Chapter 17 Elena

(Ten Weeks Later)

I pull the emerald necklace from my locker, clasping it around my neck with practiced fingers. The weight has become familiar over these months, comforting even. I catch my reflection in the small mirror inside my locker door. The emerald sits perfectly against my scrubs, a strange juxtaposition of medical practicality and luxury that somehow summarizes my life these days.

Twelve hours on my feet. Three emergency surgeries. One aortic dissection that nobody else caught.

“Dr. Clarke.” Dr. Patel approaches as I close my locker. “Your diagnosis on the Hernandez case was exceptional. That dissection was subtle, and most residents would have missed it.”

“Thank you.” I smile, warmth spreading through me at the validation. “The irregularity in the CT was easy to miss, but the pain pattern was classic.”

“You have good instincts.” She nods, already moving toward the door. “Keep trusting them.”

I check my phone as I gather my things. A calendar notification reminds me I have dinner with Damir tonight to celebrate our four-month anniversary. Four months of marriage to a man I barely knew when I said, “I do.” Four months of discovering who he really is beyond the criminal facade. Four months of... something I’m not ready to name yet.

It hits me suddenly that I’ve stopped counting down. For weeks after our wedding, I’d mentally tick off each day that brought me one day closer to the end of our six-month arrangement. I realize now that I haven’t thought about that countdown in over two months. The necklace now feels like a part of me. I only remove it for surgeries, putting it back on immediately after, like now. The only other time it comes off is at night when I put it in a jewelry box on my vanity while I sleep.

The feds haven’t approached me again either. That whole aspect of our arrangement, me providing Damir with an alibi, seems to have faded into the background. We’re just living. Being married without the constant reminder of deals and agendas.

I push away the thought that tries to surface about falling in love with my husband. That’s territory I’m not ready to explore.

The hospital corridors are quiet when I make my way toward the staff exit. Most of the day shift has already left, and the night crew is settled in at their stations. My security detail will be waiting discreetly by the door. I’ve grown used to their presence, hardly noticing them anymore.

The automatic doors slide open, and fresh air hits my face. After twelve hours in the sterile hospital environment, even city air smells wonderful. I inhale deeply, already thinking about dinner with Damir, when I spot him .

Casey.

He slouches against a car in the parking lot, hands stuffed in his pockets. Even from this distance, I can see how his once-fitted designer clothes hang even more loosely on his frame. His face looks gaunt, and his cheekbones are more pronounced than I remember.

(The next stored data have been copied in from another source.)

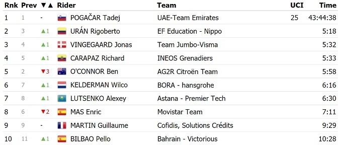 Лидером общего зачета остался словенец Тадей Погачар из команды «UAE Emirates».
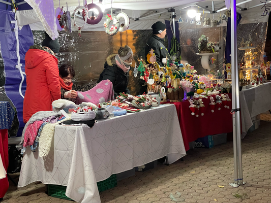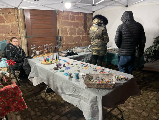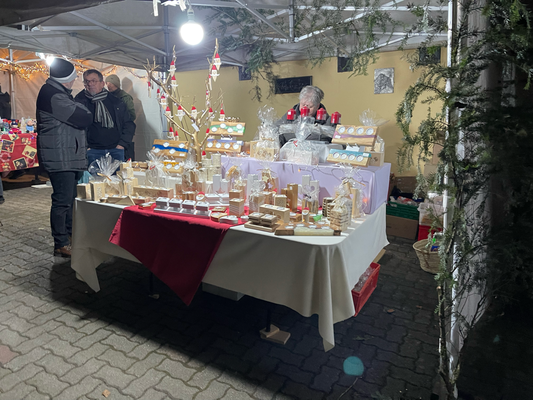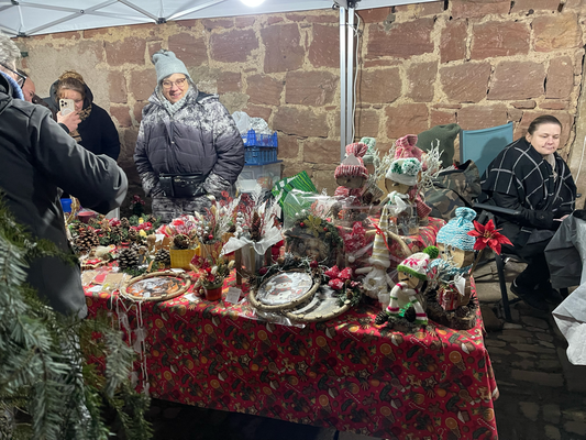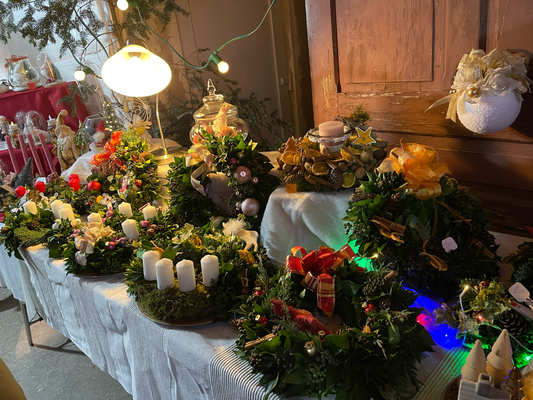 -27 stands artisanaux (objets de Noël en bois, bijoux, tableaux, céramique, broderie, couronnes de l’avent, miel….)
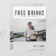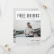 Casamento engraçado salve os cartões de data em uma design moderna com sua design personalizada que dizia "Bebidas grátis (e vamos nos casar)". Adicione sua foto, nomes, data do casamento e local. Personalize a parte traseira da placa com uma segunda foto.
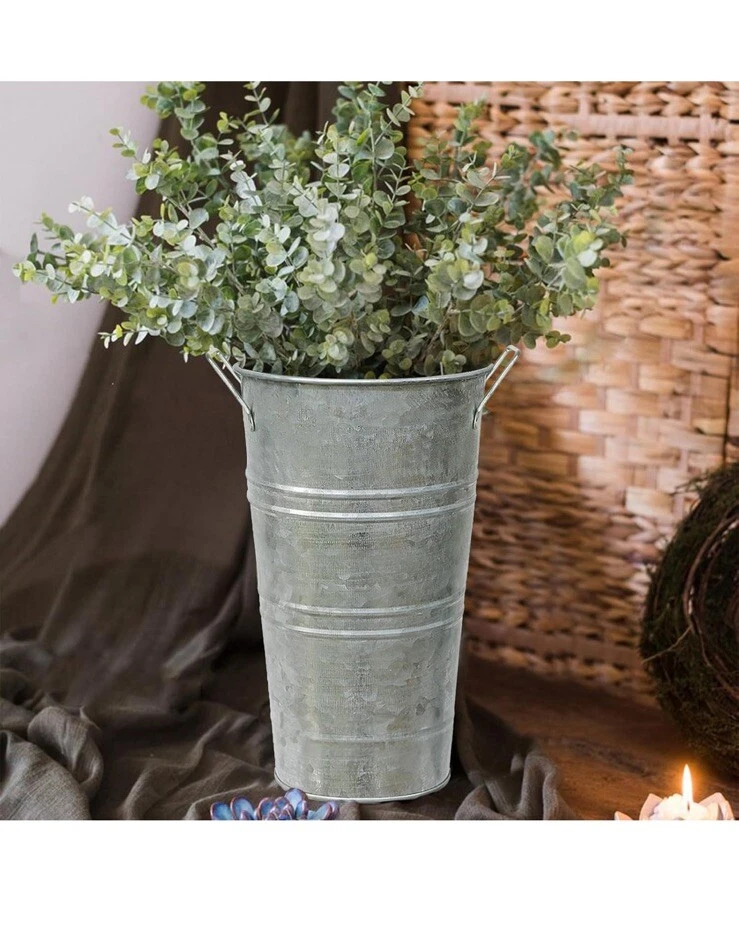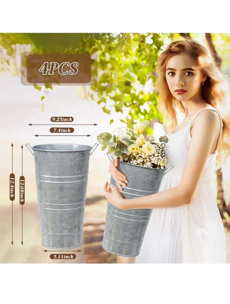 Top highlights Material Metal Color Large silver Set of 4 Special Feature Rust prevention, waterproof Style French Country Planter Form Plant Pot Shape Cylindrical ✿✿PREMIUM METAL MATERIAL - The galvanized vase is made of thickened and high-quality metal with a galvanized coating on the surface to prevent rusting,It has a waterproof coating inside, which is strong, durable and not easily deformed, and can provide excellent durability and long service life. ✿✿DIMENSIONS - Set of 8 premium quality metal buckets. Each vase is 7.48 x 7.48 x 12.08 inches tall with a bottom diameter of 5.13 inches.. The durable 4-point connected handles on the metal vases make them as functional as they are elegant. ✿✿GALVANIZED FLOWER VASES - Bring a charming rustic flair to your home decor with these decorative metal flower vases. Pair them with real, artificial flowers or plants to complete the vintage french country look.These table vases are ideal for flower arrangements, dried flowers or plants. Perfect as decor for restaurants, you can use the rustic vases on their own to elevate the look of any space. ✿✿ELEGANT DECORATION - The classic retro appearance of the galvanized flower vase can perfectly match any home decoration, adding an elegant and rustic atmosphere to your house. The galvanized finish has a well-designed pattern texture,These farmhouse vases for flowers will add a touch of rustic decor to your home or kitchen, you will love this vintage vase.
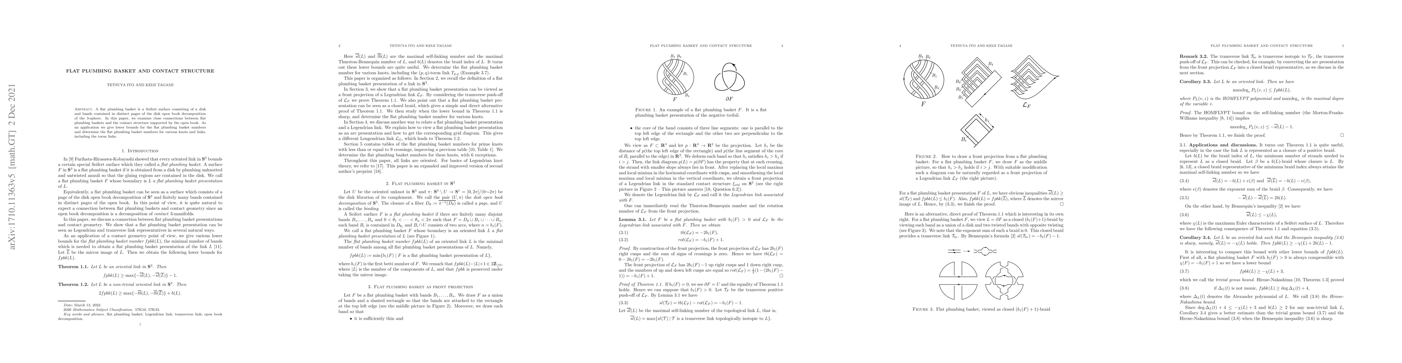 A flat plumbing basket is a Seifert surface consisting of a disk and bands contained in distinct pages of the disk open book decomposition of the 3-sphere. In this paper, we examine close connections between flat plumbing baskets and the contact structure supported by the open book. As an application we give lower bounds for the flat plumbing basket numbers and determine the flat plumbing basket numbers for various knots and links, including the torus links.
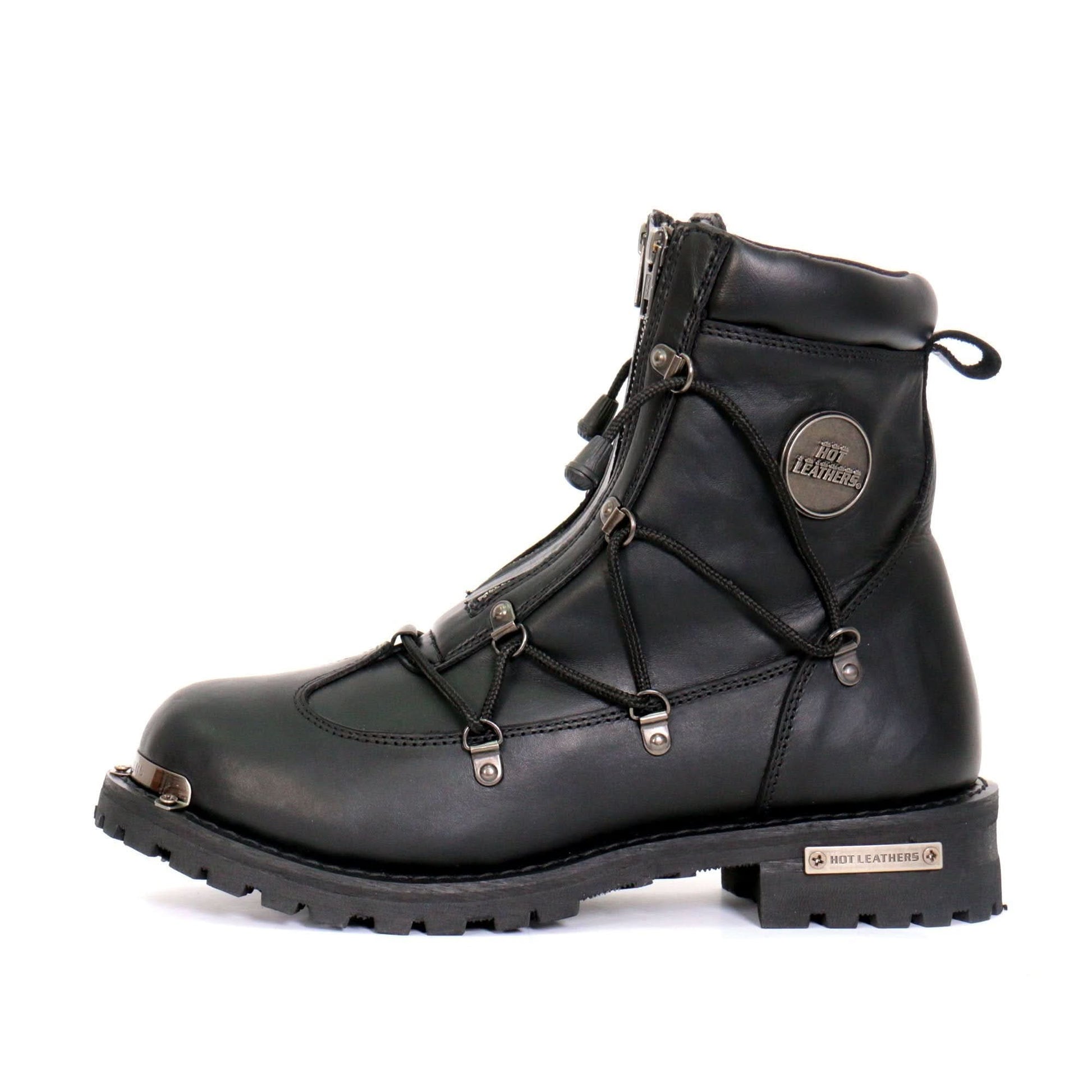 Hot Leathers Men's Black 7-Inch Leather Lace Up Boots with Zipper Closure BTM1009
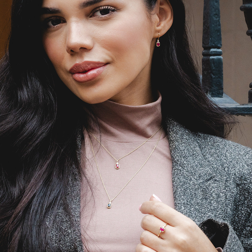 - Contemporary ruby pendants that bring a pop of colour to everyday outfits
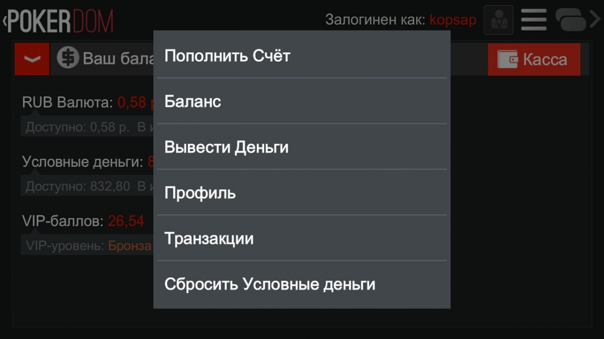 Что же касается мобильного приложения ПокерДом, то здесь есть все те же функции и возможности, как и в приложении, которое скачивается на персональный компьютер. Точно также можно будет пополнять свой счет, выводить выигранные деньги, проверять вип-баллы и бонусы, переводить деньги другим пользователям и принимать переводы. А о последних изменениях своего игрового счета можно также узнать в меню кассы, кликнув кнопку «Транзакции».
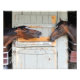 Two gorgeous bay fillies, Fenwick Hall and Lakeside Sunset of the Bruce Brown stables, sticking their heads out at each other from their barn doors. Who knows what was on their minds? It was fun to watch as I got closer. Fleetphoto
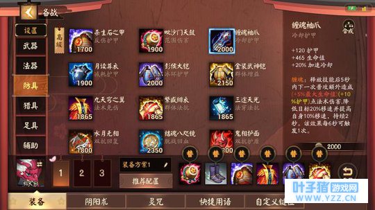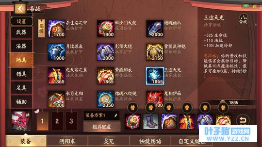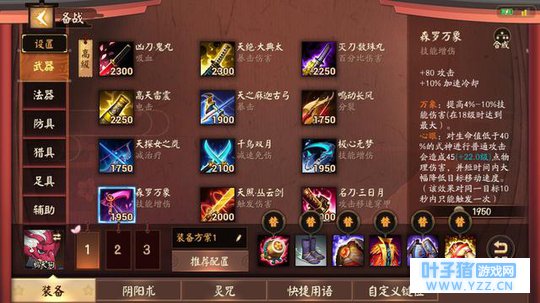 四、装备搭配 在装备的搭配上,由于鸦天狗是一个坦克式神,因此在装备的选择上需要根据对方的阵容来决定,但是系统推荐的装备就挺不错的了,可以应付绝大多数的情况,这里就为大家推荐几个可以提供替换的装备: 【缠魂袖爪、森罗万象or极心无梦、三途天光 】
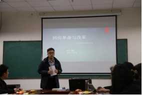 隨后,杜天宇同學(xué)分享了《回應(yīng)革命和改革》一書,他用人類學(xué)的視角帶大家領(lǐng)略皖北李村的社會變遷與延續(xù)以此來分析黨的二十大精神。習(xí)近平總書記在黨的二十大報告中提出前進(jìn)道路上必須牢牢把握的五個重大原則,其中首要原則是“堅持和加強(qiáng)黨的全面領(lǐng)導(dǎo)”。杜天宇同學(xué)認(rèn)為只有堅持和加強(qiáng)黨的全面領(lǐng)導(dǎo),才能凝聚起實現(xiàn)中華民族偉大復(fù)興的磅礴偉力,萬眾一心朝著宏偉目標(biāo)堅定前行。最后,與會成員一起探討了二十大召開的意義,分享了自己在學(xué)習(xí)二十大報告過程中產(chǎn)生的心得與體會。此次讀書會在熱烈的氛圍中圓滿結(jié)束。
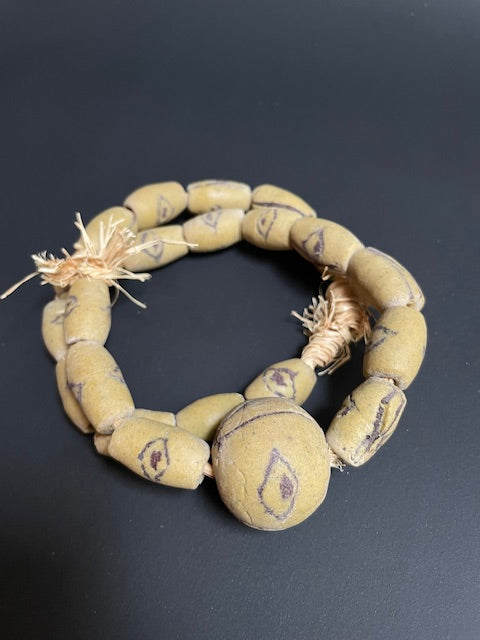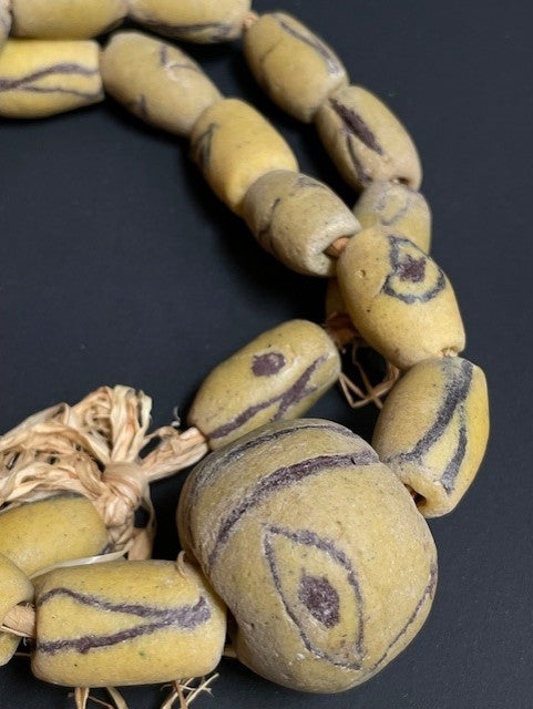 Vintage handelskralen ketting uit Ghana geel gespikkeld
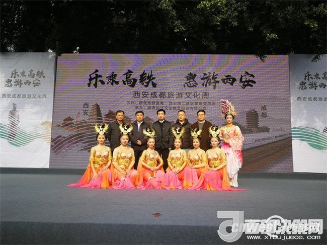 2017年12月13-17日,由西安市旅游發(fā)展委員會(huì)、西安曲江新區(qū)管理委員會(huì)主辦,西安曲江文化旅游股份有限公司承辦的“樂(lè)乘高鐵·惠游西安”西安5折歡游季西成高鐵系列路演活動(dòng),分別在廣元利州廣場(chǎng)、綿陽(yáng)鐵牛廣場(chǎng)、成都寬窄巷子?xùn)|廣場(chǎng)、重慶觀音橋廣場(chǎng)等地精彩上演。巡演向四川、重慶的父老鄉(xiāng)親們介紹了西安豐富的旅游資源,展現(xiàn)了千年古都地靈人杰的文化底蘊(yùn)和生氣盎然的城市魅力。四城路演活動(dòng)共吸引了近五萬(wàn)當(dāng)?shù)厥忻裼慰汀?
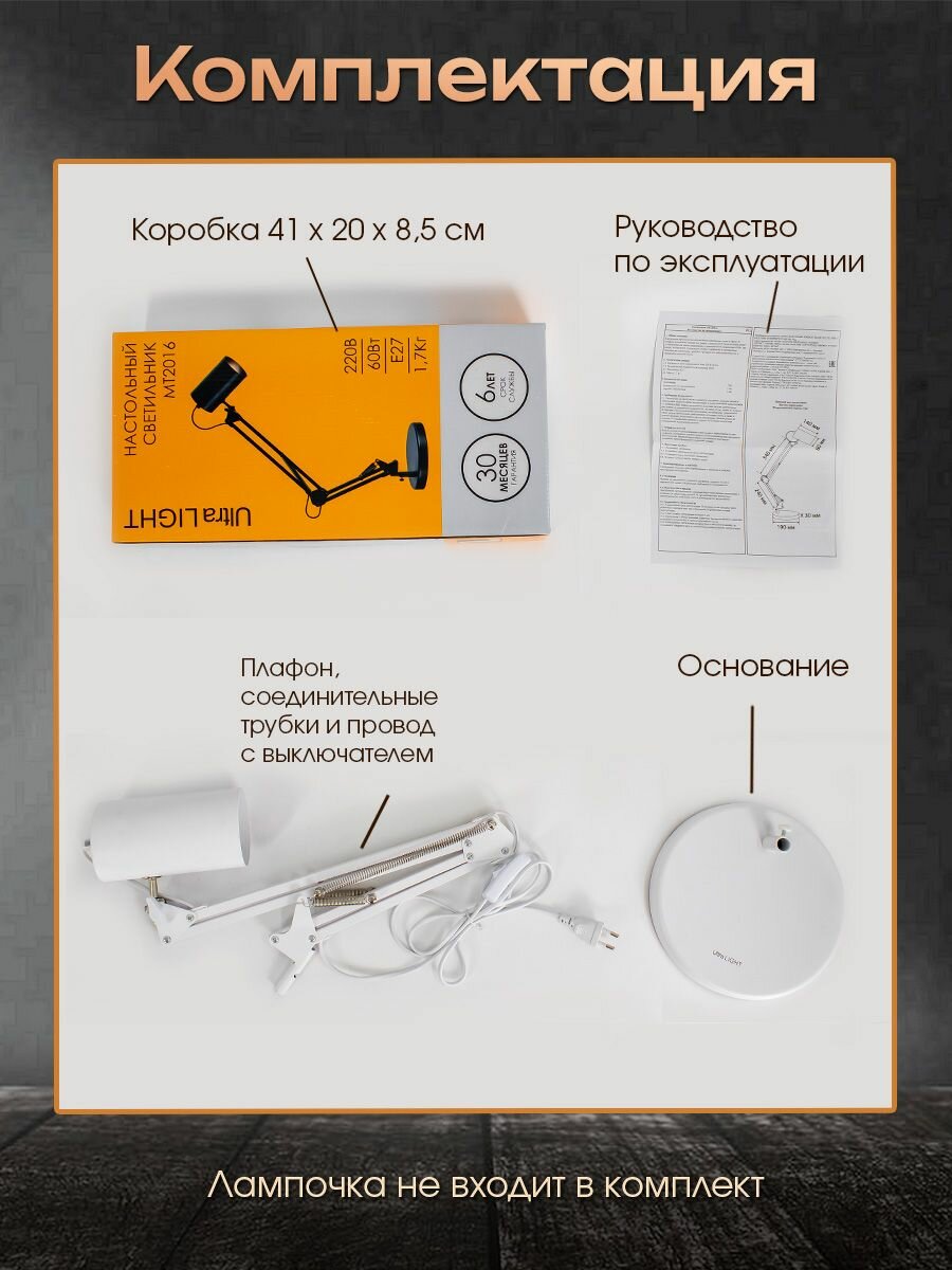 Настольная лампа светильник МТ2016 Белый E27 220В Ultra LIGHT интересное:
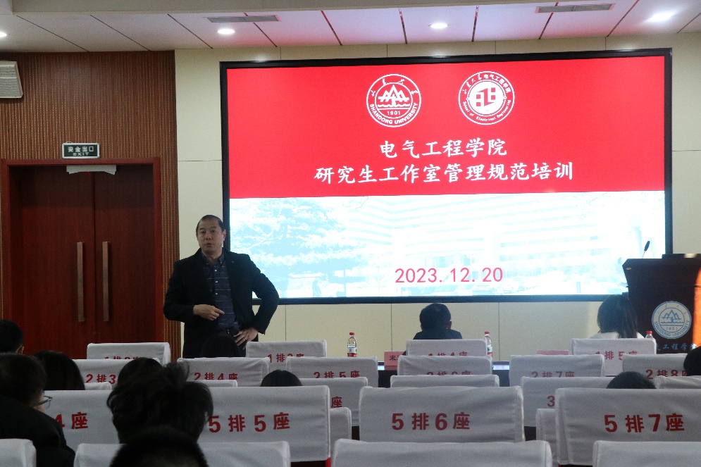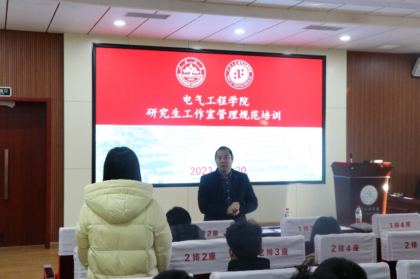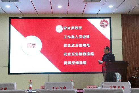 培训会开始,宋济平为大家解读了《yl6809永利官网研究生工作室管理规范》,详细讲解了安全员职责、工作室人员准入准出机制、安全及卫生规范、检查流程以及问题反馈渠道。借助丰富的历史案例、图片重点介绍工作室存在的不足之处,介绍了工作室安全卫生检查流程与问题反馈渠道。宋济平强调,必须高度重视研究生工作室的安全与卫生工作,全面深入排查工作室潜在风险,将危险扼杀在摇篮中;工作室建立完善的卫生管理制度,营造安全、整洁、舒适的科研学习环境。
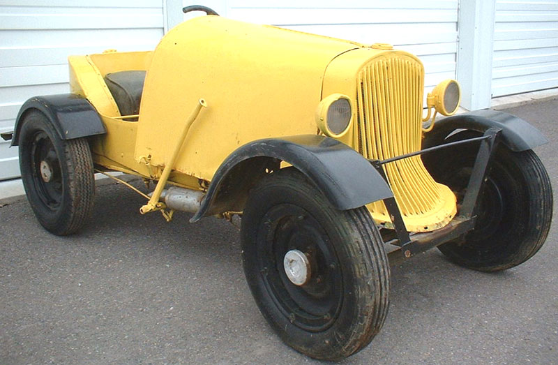 This yellow 1930's American Austin is an all-original vintage open midget race car ready to be driven or shown. It was built at the ship yards in Los Angeles during WW II. It was raced and driven on the street in Los Angeles, then sold and driven to South Dakota. It has a 1946 South Dakota title. The fenders and rear bumper were added when it was made street-legal. The headlights are late 20's cowl lights. The front axle and rear end were narrowed. The hubs were adapted to take 12" rims. The modified drive train is early 1930's Austin American. The Austin American 46 CID L-head 4 cylinder motor, radiator and shell, 3 speed manual transmission and differential are complete. The grill bars are 1934 Ford. The midget runs and drives great and is fairly fast. Here is an exceptional opportunity to own a truly original early midget race car. Please call 406 318-0270 for details about this restorable classic project car.
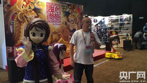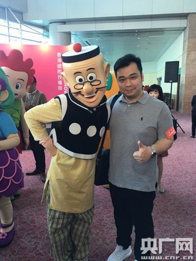 經(jīng)典漫畫人物老夫子公仔與央廣記者周偉琪合照
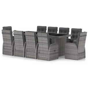 Zestaw mebli ogrodowych zawiera solidne, stalowe ramy malowane proszkowo, które są bardzo stabilne i trwałe. Dzięki rattanowi PE komplet ten jest łatwy w czyszczeniu, wytrzymały i nadaje się do codziennego użytku na zewnątrz. Blat wykonano z litego drewna akacjowego - tropikalnego, twardego drewna, które jest odporne na warunki atmosferyczne i trwałe. Krzesła z odchylanymi oparciami oferują najwyższy komfort siedzenia i świetne podparcie. Oparcie można łatwo regulować, zgodnie z własnym uznaniem, za pomocą przycisku z boku. Krzesła z podnóżkiem oferują dodatkowy komfort. Ponadto grube i miękkie poduszki na siedzisku i oparciu są bardzo wygodne. Ich łatwe w utrzymaniu poszewki z poliestru można bez problemu zdejmować i prać.

Valeriya and the others immediately move forward, but I hold up my hand, signaling them to wait. After weeks of silence, I’m curious about what brought him here.

“Elena.” Casey straightens as I approach, his voice carrying across the parking lot. “We need to talk.”

I tighten my grip on my oversized bag that holds a change of clothes and workout gear along with my purse. “We really don’t.”

“Please.” He moves closer, his eyes pleading. “You don’t love him. You’re scared.”

“I don’t love you,” I remind him. “I made that perfectly clear.”

His expression cracks. The fake confidence, the pity act—it all crumbles. “He’s manipulating you,” he says, his voice dropping. “You can’t possibly want to be with someone like him.”

I laugh, the sound sharp and cold even to my own ears. “Someone like him? As opposed to someone like you?”

“I made mistakes?—”

“Mistakes?” I cut him off. “Let me refresh your memory. On January 15th, you transferred $12,500 from our joint account to your personal account. January 28th, another $15,000. February 3rd, $122,000 which must have been when you got brave and figured I hadn’t noticed. You were gearing up to leave then, but I guess you couldn’t go without taking the very last of it. February 17th, the remaining $18,750—exactly the amount of my tuition payment.”

His eyes widen. He clearly hadn’t realized I knew the specifics.

“That’s $168,250 total. My entire inheritance from my mother, minus what I’ve already paid for my education over the years. Money that was meant to fund my medical education and help me get started. Money you knew was sacred to me.”

“I was going to pay you back.”

“With what? The money you lost gambling? Or the money you were getting from your cocktail waitress, maybe? Were Tiffany’s tips that good?”

He pales as he realizes how much I know. “Elena, you don’t understand.”

“I understand perfectly. You targeted me for my money. You pretended to love me while systematically draining my accounts. Then you disappeared without a word, leaving me with nothing.”

He tries to reach for my wrist. “If you’d just listen…”

I step back before he can touch me. My security team moves forward, but they don’t need to intervene. I’m handling this. “Don’t touch me,” I say, my voice steady. “Don’t speak to me. Don’t come near me again.”

A hospital security guard approaches. I recognize him as the one who always nods respectfully when I arrive with Damir. “Everything okay, Mrs. Antonova?” He’s about the only one at the hospital who calls me that. To everyone else here, I’m still Dr. Clarke, so I suspect the guard knows Damir, or something of him, outside the hospital.

The title still sounds strange sometimes, but right now, I embrace it. “Yes, thank you. This man was just leaving.”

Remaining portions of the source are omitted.